Leave the pictures out, and repeat exactly every line from the one with "今朝も頑張って小岩で配ります。 光さんも!!はりきって!! 配。。。れませんでしたf^_^;" through the end of the data below.
[Data for review]
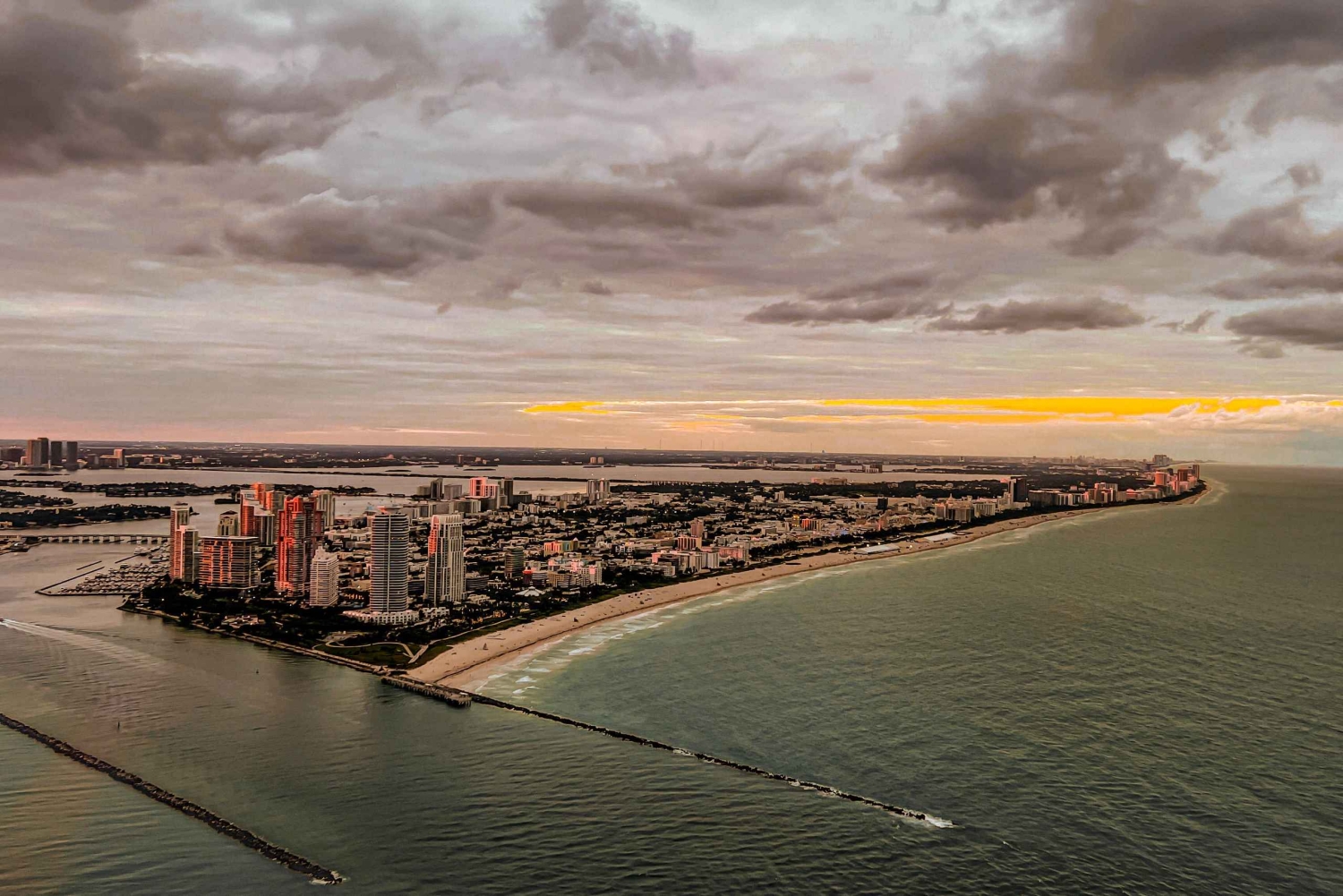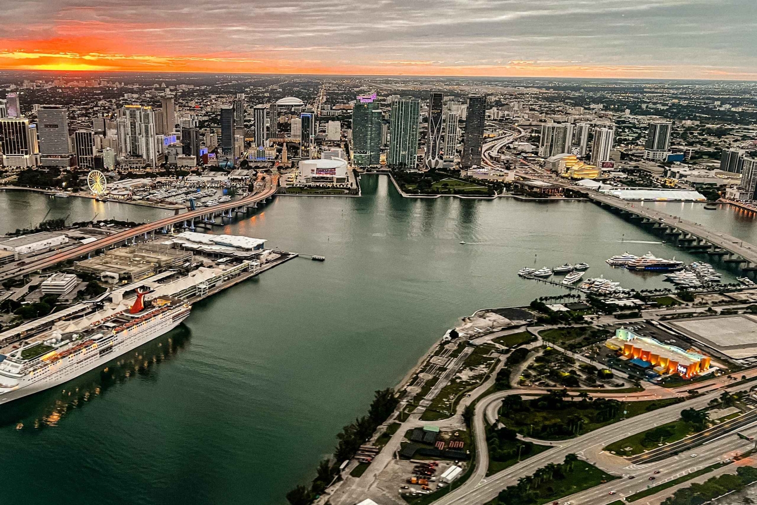 Continue your tour with a complimentary glass of non-alcoholic champagne in hand. Catch glimpses of Miami Seaport and the Miami Seaquarium. Admire the sun's evening rays on the water as you fly over Star Island and Sunny Isles.
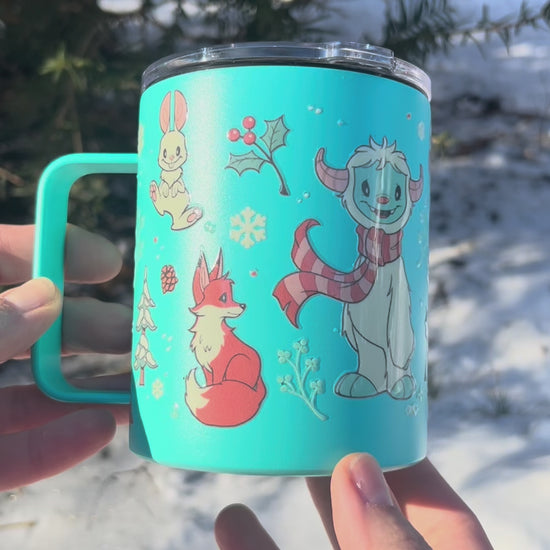 Stay warm and cozy this winter with this stainless steel mug, designed by Chrissie! Enjoy your favorite hot or cold beverage with some animals of the forest to keep you company. Available for a limited time only!
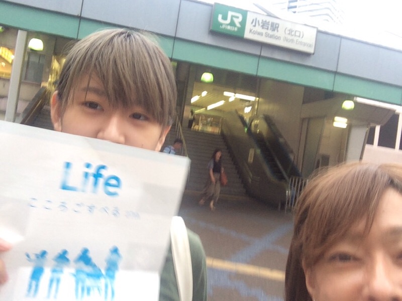 今朝も頑張って小岩で配ります。 光さんも!!はりきって!! 配。。。れませんでしたf^_^; 無理だそうです。帰ります (^O^)/ 小岩 エステル三本松
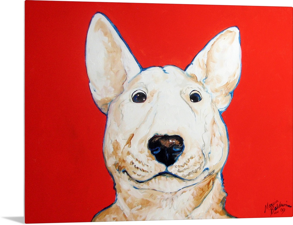<p>Painting of a white bull terrier with a blue outline on a bright red background.</p>
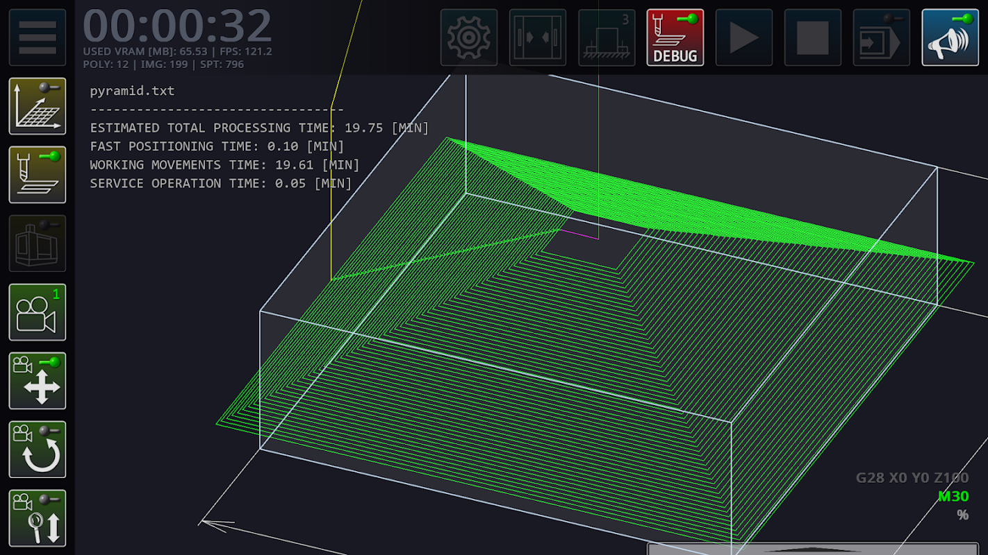 کارکردهای اصلی برنامه: ویرایش کد برنامه های کنترلی دستگاه فرز، عملیات با فایل های برنامه های کنترل، تنظیم پارامترهای هندسی ابزار برش، اجرای پیوسته/گام به گام بلوک های برنامه های کنترلی، سه. -تجسم بعدی حرکات ابزار در فضای کار ماشین، تجسم ساده شده سطح ماشینکاری شده قطعه، محاسبه حالت های پردازش، راهنمای مرجع سریع استفاده از کد G.
[/Data for review]
- Reply to the exercise:
 今朝も頑張って小岩で配ります。 光さんも!!はりきって!! 配。。。れませんでしたf^_^; 無理だそうです。帰ります (^O^)/ 小岩 エステル三本松
<p>Painting of a white bull terrier with a blue outline on a bright red background.</p>
 کارکردهای اصلی برنامه: ویرایش کد برنامه های کنترلی دستگاه فرز، عملیات با فایل های برنامه های کنترل، تنظیم پارامترهای هندسی ابزار برش، اجرای پیوسته/گام به گام بلوک های برنامه های کنترلی، سه. -تجسم بعدی حرکات ابزار در فضای کار ماشین، تجسم ساده شده سطح ماشینکاری شده قطعه، محاسبه حالت های پردازش، راهنمای مرجع سریع استفاده از کد G.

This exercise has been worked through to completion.